* [Task instructions] From the line with "1. Remove the" through the line with "Opmerking: ik raad", repeat the entries verbatim, both end lines included, and add nothing.

* [Records for this exercise]
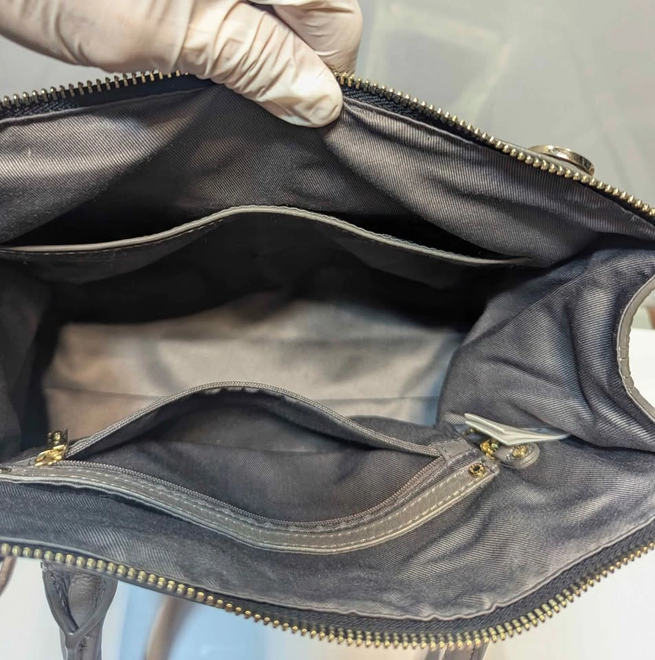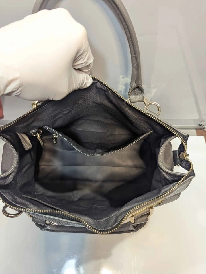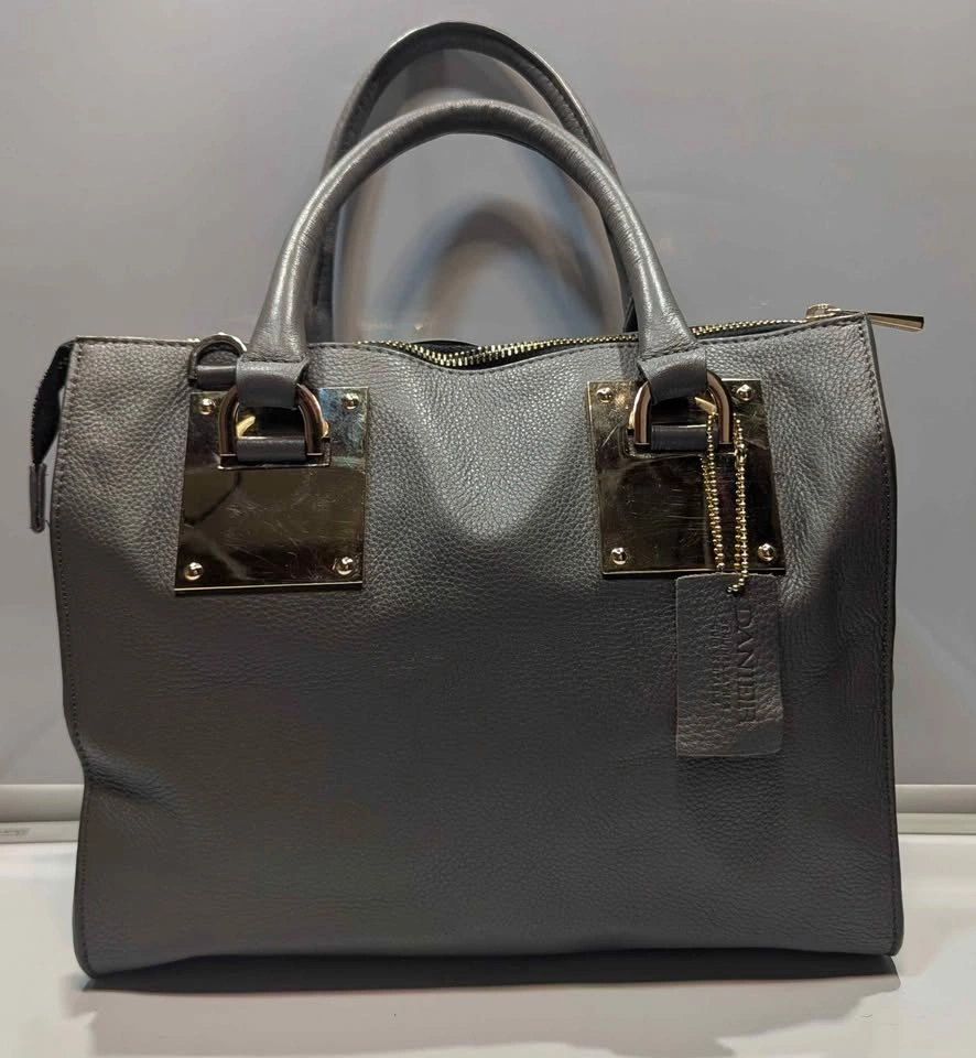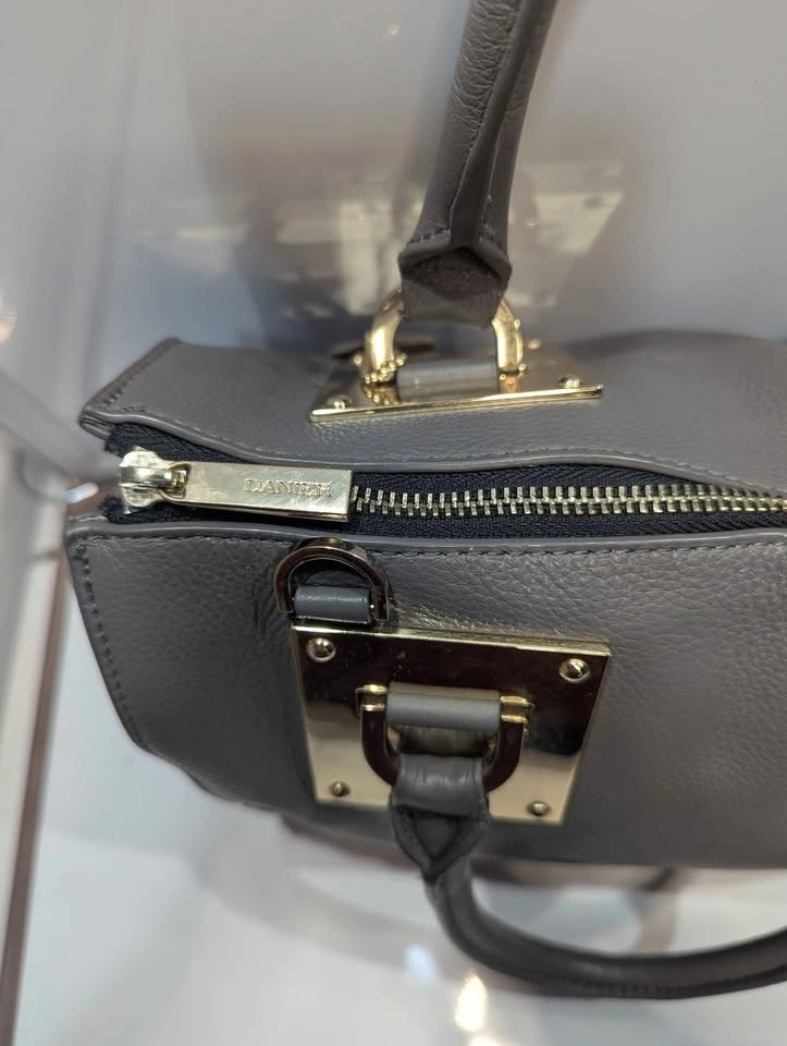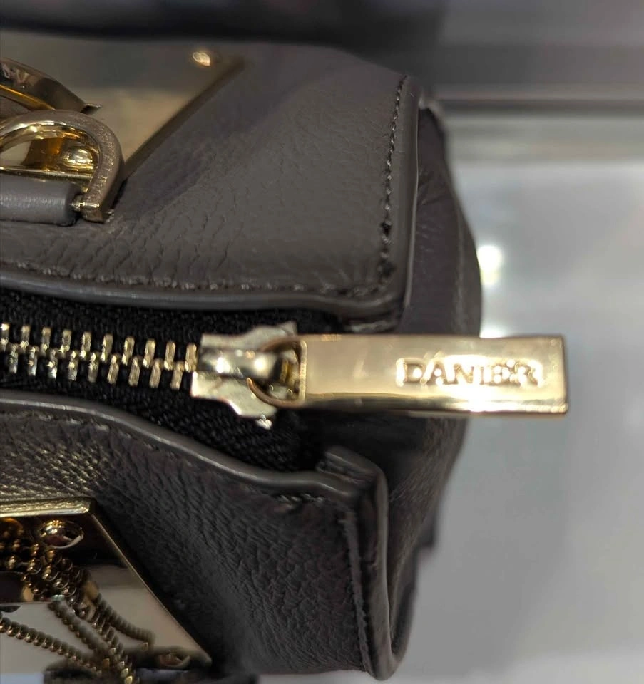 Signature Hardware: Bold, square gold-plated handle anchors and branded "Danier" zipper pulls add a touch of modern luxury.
...
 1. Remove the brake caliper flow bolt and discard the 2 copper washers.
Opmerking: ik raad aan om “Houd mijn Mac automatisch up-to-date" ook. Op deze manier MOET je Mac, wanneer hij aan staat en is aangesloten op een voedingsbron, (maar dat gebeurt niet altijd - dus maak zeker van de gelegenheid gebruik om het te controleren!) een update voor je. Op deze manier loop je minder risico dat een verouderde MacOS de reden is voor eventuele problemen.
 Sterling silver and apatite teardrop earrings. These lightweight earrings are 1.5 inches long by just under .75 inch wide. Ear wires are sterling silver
...
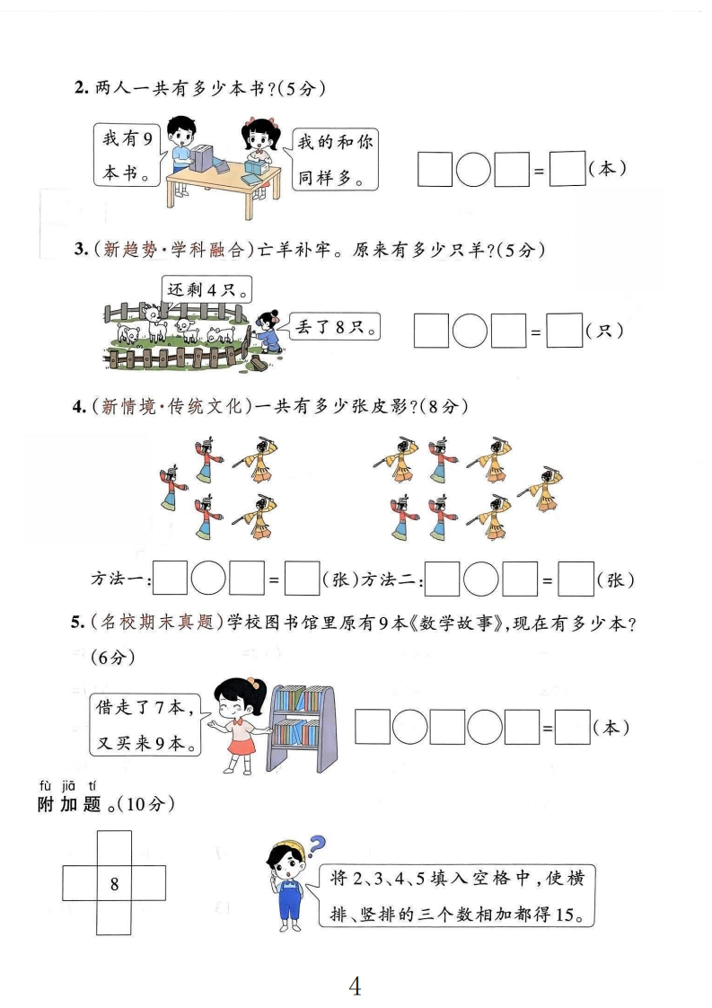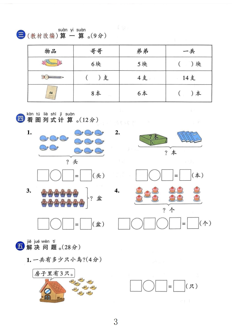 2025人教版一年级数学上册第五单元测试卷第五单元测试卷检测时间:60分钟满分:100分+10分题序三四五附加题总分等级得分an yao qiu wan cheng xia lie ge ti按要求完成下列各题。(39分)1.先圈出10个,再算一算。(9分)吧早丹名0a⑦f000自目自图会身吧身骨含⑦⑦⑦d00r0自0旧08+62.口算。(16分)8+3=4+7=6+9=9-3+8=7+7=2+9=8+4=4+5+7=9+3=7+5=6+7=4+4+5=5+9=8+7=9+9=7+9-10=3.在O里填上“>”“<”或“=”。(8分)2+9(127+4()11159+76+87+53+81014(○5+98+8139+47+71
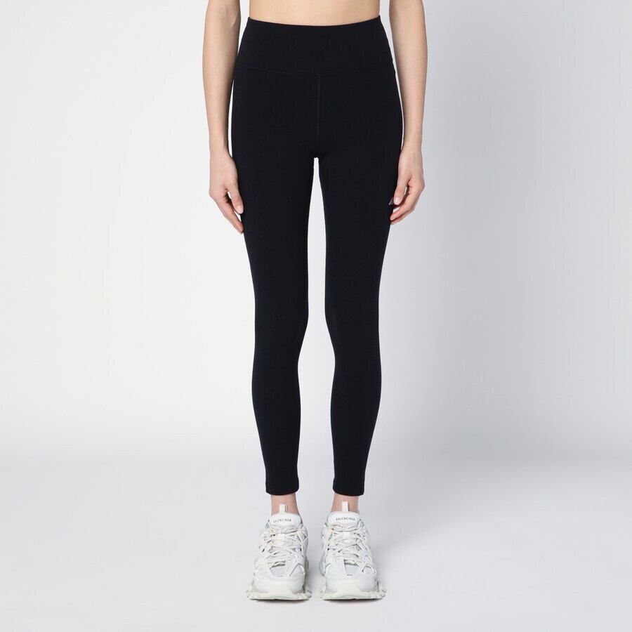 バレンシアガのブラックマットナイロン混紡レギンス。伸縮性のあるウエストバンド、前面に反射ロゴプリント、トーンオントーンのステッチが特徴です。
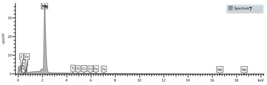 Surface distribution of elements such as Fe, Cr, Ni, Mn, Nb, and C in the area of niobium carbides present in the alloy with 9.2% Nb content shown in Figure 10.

* [Exercise answer]
 1. Remove the brake caliper flow bolt and discard the 2 copper washers.
Opmerking: ik raad aan om “Houd mijn Mac automatisch up-to-date" ook. Op deze manier MOET je Mac, wanneer hij aan staat en is aangesloten op een voedingsbron, (maar dat gebeurt niet altijd - dus maak zeker van de gelegenheid gebruik om het te controleren!) een update voor je. Op deze manier loop je minder risico dat een verouderde MacOS de reden is voor eventuele problemen.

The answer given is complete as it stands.